HCL1は他のツールと連携できるよう、JSON互換を謳っていましたが、仕様が明文化されておらず、たびたび利用者の混乱を招きました。私自身はJSON入力を食わしたりしてなかったので、あんまり気にしてなかったのですが、v0.11以前のJSONサポートはいろいろ問題があったようです。
ところで、json2hclというJSONとHCLを相互変換するツールなどもあるようですが、
https://github.com/kvz/json2hcl
JSONとHCLはそもそも1対1に相互変換できません。(えっ
JSONで属性がネストした場合に、block内のattributeとmapのキーで区別が曖昧だからです。
blockはproviderのschemaでキーが定義されているもの、一方mapはユーザ入力で自由にキーが指定できるものです。
Terraform はこれをどうやって区別しているかというと、providerのschemaによって解釈しています。
つまりこれはアプリケーションに依存した知識であって、純粋な意味でJSONとHCLを1対1に相互変換は理論上できません。
つまりHCLのJSON互換とは、アプリケーションの入力としてJSONを受け付けることができるという意味です。
なるほどー。行間長すぎるでしょ。普通JSON互換って言われたら1対1に相互に変換できると思うよね。
HCL2の拡張機能
HCL2の仕様を眺めているとdynamicはJSON構文ではサポートされていないようです。

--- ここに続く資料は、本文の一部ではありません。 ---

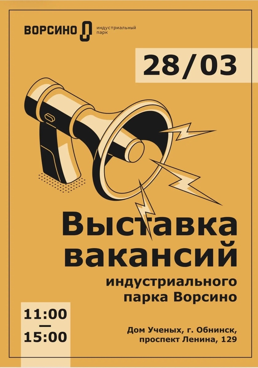 ⚡25 марта с 11:00 до 15:00 в Доме учёных в Обнинске пройдёт выставка вакансий, организованная Индустриальным парком «Ворсино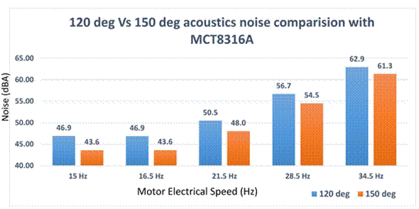 為了應(yīng)對(duì)這些挑戰(zhàn)并提高聲學(xué)性能,工程師可以構(gòu)建能夠在 120 度梯形換向和 150 度梯形換向之間動(dòng)態(tài)切換的電機(jī)驅(qū)動(dòng)器系統(tǒng)。這種動(dòng)態(tài)調(diào)制可以改善BLDC 電機(jī)控制期間的整體聲學(xué)性能。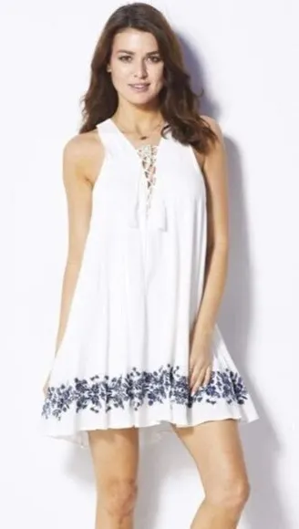 Shift dress with navy blue flowers and leaves embroidered around bottom hem. V-neckline with lace-up... Show more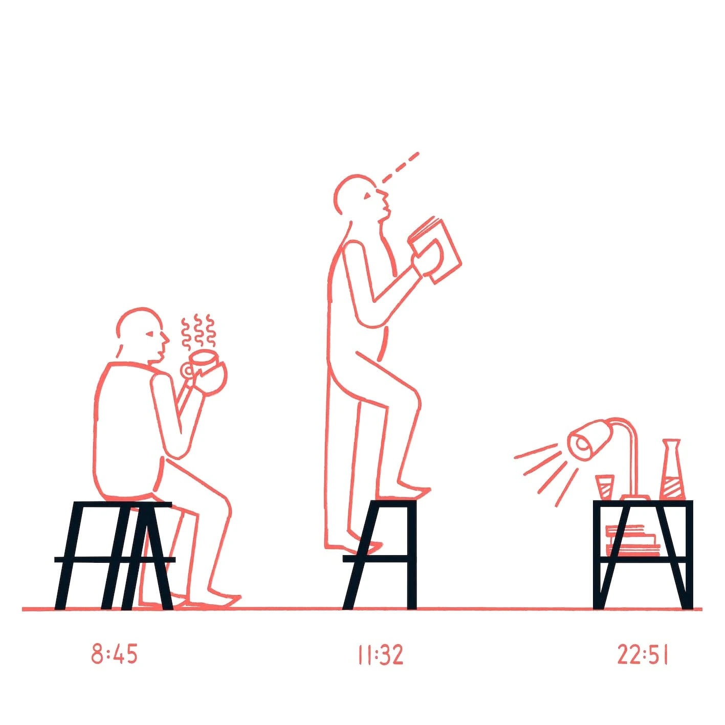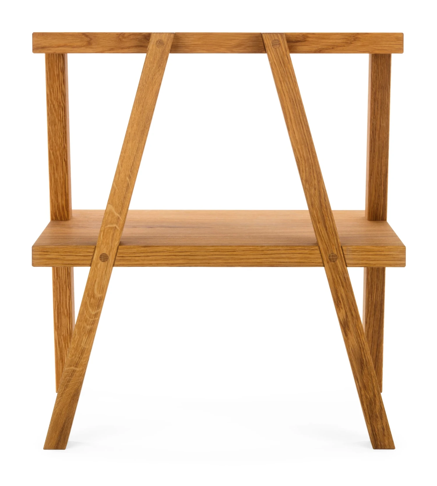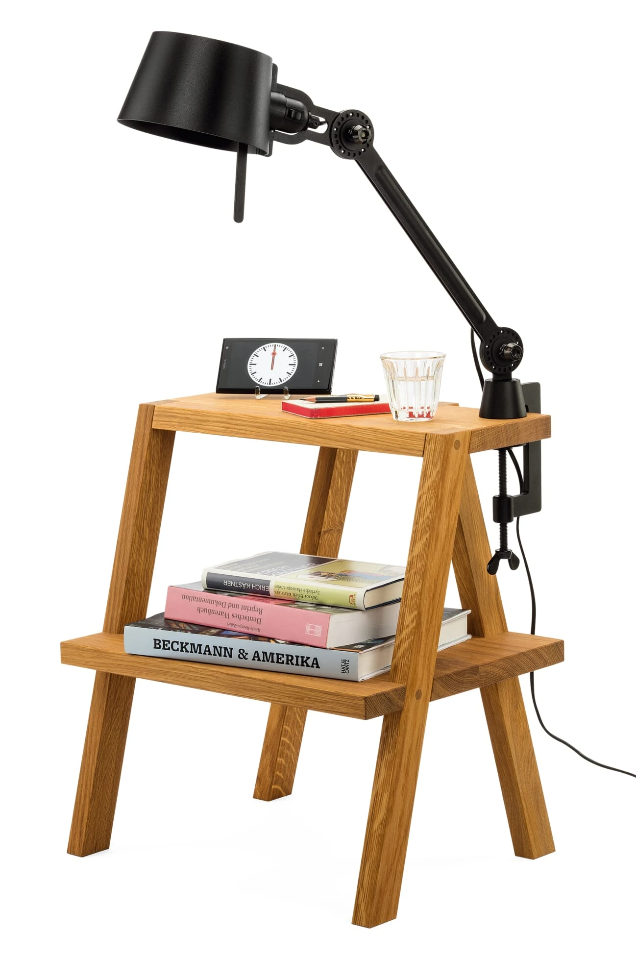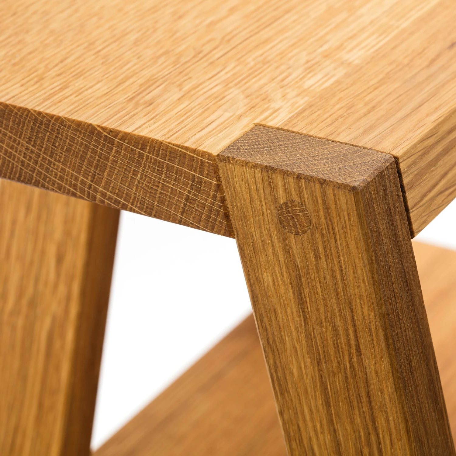 Een zitje en opstapje, maar ook een bijzettafel en nachtkastje in één: dit kleine universele meubel van massief hout kan op verschillende manieren worden gebruikt en overtuigt vooral door zijn stabiele constructie: om ervoor te zorgen dat het meubel nog grotere belastingen kan weerstaan (bijv. in zijn functie als opstapje), is het frictievergrendeld (de vier poten ontmoeten de twee horizontale planken niet in een rechte hoek, maar onder een hoek – dit zorgt voor stabiliteit door statische wrijving), 2. gelijmd en 3. extra geschroefd (de zak is van hout). Het opstapje is gemaakt in Duitsland – van PEFC-gecertificeerd geolied eikenhout of mat zwart gelakt essenhout uit Zuid-Duitsland.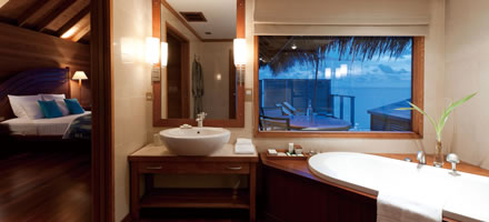 ヒルトングループ最高峰ブランドのコンラッド。完全独立型の水上ヴィラはハイセンスなインテリアでまとめられ、洗練された大人のリゾートを演出。水深約6mの水中に設けられたレストランや水上スパのトリートメントルームでは、他では味わえないヒルトン流モルディブ体験ができそう。
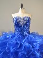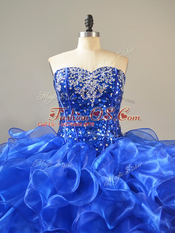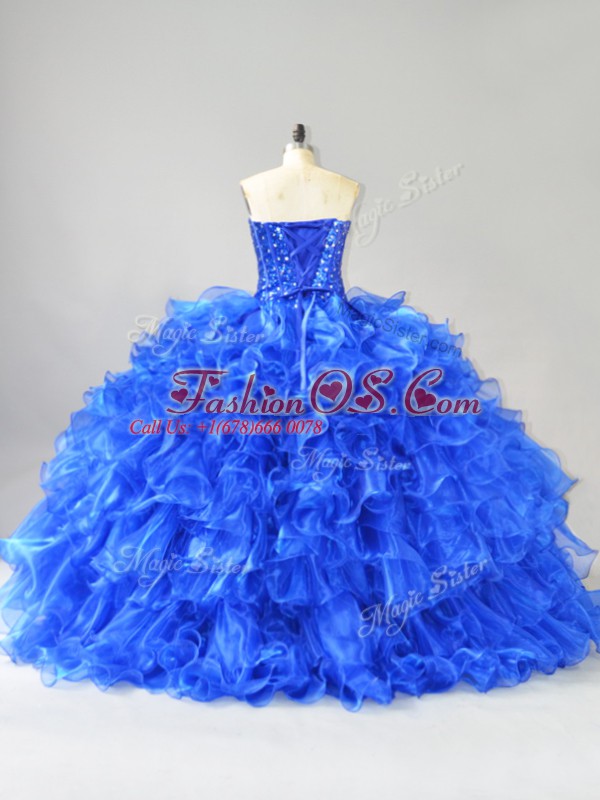 Inexpensive Royal Blue Lace Up Sweet 16 Dresses Beading and Ruffles Sleeveless

このようなNative Syntaxでしかサポートされていない機能は拡張機能として区別されているようです。
他にどんなのがあるのかなーってコード眺めてると、
ユーザ定義関数(?)とか
https://github.com/hashicorp/hcl2/blob/master/ext/userfunc
include文(?)とか
https://github.com/hashicorp/hcl2/tree/master/ext/include
作ろうとしてる形跡があって、
Terraformのmoduleとは別の何かライブラリっぽい仕組みでも作ろうとしてるのかなー?夢が広がりング。
resourceレベルfor_each
HashiCorpの公式ブログでfor_eachの説明をしてる記事があります。
この記事はdynamicブロックの説明をしてるんですけど、
https://www.hashicorp.com/blog/hashicorp-terraform-0-12-preview-for-and-for-each
よく読むとresourceレベルのfor_eachというのも将来的に実装しようと思ってて、v0.12には入れられないけど、そのための裏側の準備とかはいろいろしてるよって書いてあります。
dynamicブロックのインパクが強すぎて、最初読んだときにこの重要性がイマイチよく分かってなかったんですけど、このresourceレベルfor_eachとはcountの拡張です。要するに、countの添字が数字じゃなくて文字列でインスタンスを区別できるようになるということですね。途中のインスタンスを消して添字がずれたりすることがありません。これはいますぐ欲しいやつですね。顧客が求めていたものだ。続報を待ちましょう。
tfstateファイルのフォーマット変更
resourceのfor_eachのためだけというわけでは全然ないんですが、もっといろんな問題を根本的に解決するため、
tfstateのデータ構造が変わって、tfstateのschemaバージョンは3から4になりました。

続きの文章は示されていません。